Gordon's blacklist-era work remained relatively anonymous until journalist Ted Newsom happened upon the man behind the assumed name "Raymond T. Marcus" (a name under which Gordon wrote or co-wrote). When the Writers Guild of America took up the task of correctly crediting pseudonymous screenwriters from the 1950s and 1960s, awarding retroactive screen credits to them, Gordon received more after-the-fact credits than any other blacklisted writer. His first film to receive posthumous credit was The Day of the Triffids (1963).

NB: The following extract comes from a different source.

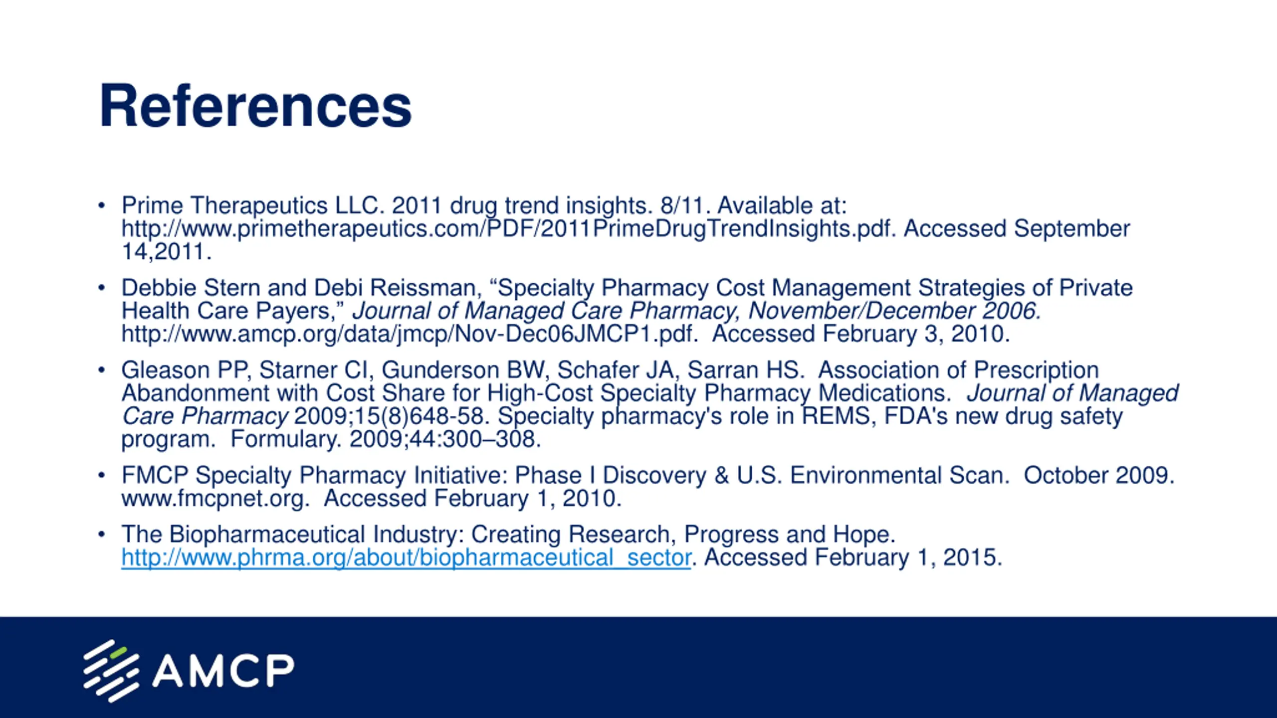 References Prime Therapeutics LLC. 2011 drug trend insights. 8/11. Available at: http://www.primetherapeutics.com/PDF/2011PrimeDrugTrendInsights.pdf. Accessed September 14,2011. Debbie Stern and Debi Reissman, Specialty Pharmacy Cost Management Strategies of Private Health Care Payers, Journal of Managed Care Pharmacy, November/December 2006. http://www.amcp.org/data/jmcp/Nov-Dec06JMCP1.pdf. Accessed February 3, 2010. Gleason PP, Starner CI, Gunderson BW, Schafer JA, Sarran HS. Association of Prescription Abandonment with Cost Share for High-Cost Specialty Pharmacy Medications. Journal of Managed Care Pharmacy 2009;15(8)648-58. Specialty pharmacy's role in REMS, FDA's new drug safety program. Formulary. 2009;44:300 308. FMCP Specialty Pharmacy Initiative: Phase I Discovery & U.S. Environmental Scan. October 2009. www.fmcpnet.org. Accessed February 1, 2010. The Biopharmaceutical Industry: Creating Research, Progress and Hope. http://www.phrma.org/about/biopharmaceutical_sector. Accessed February 1, 2015.

Gordon subsequently wrote two autobiographical books detailing the 20-year surveillance of him by the FBI, and often spoke publicly about his experiences. He helped lead the unsuccessful fight against the Academy of Motion Picture Arts and Sciences Lifetime Achievement Award to Elia Kazan, who cooperated with HUAC during the blacklist era.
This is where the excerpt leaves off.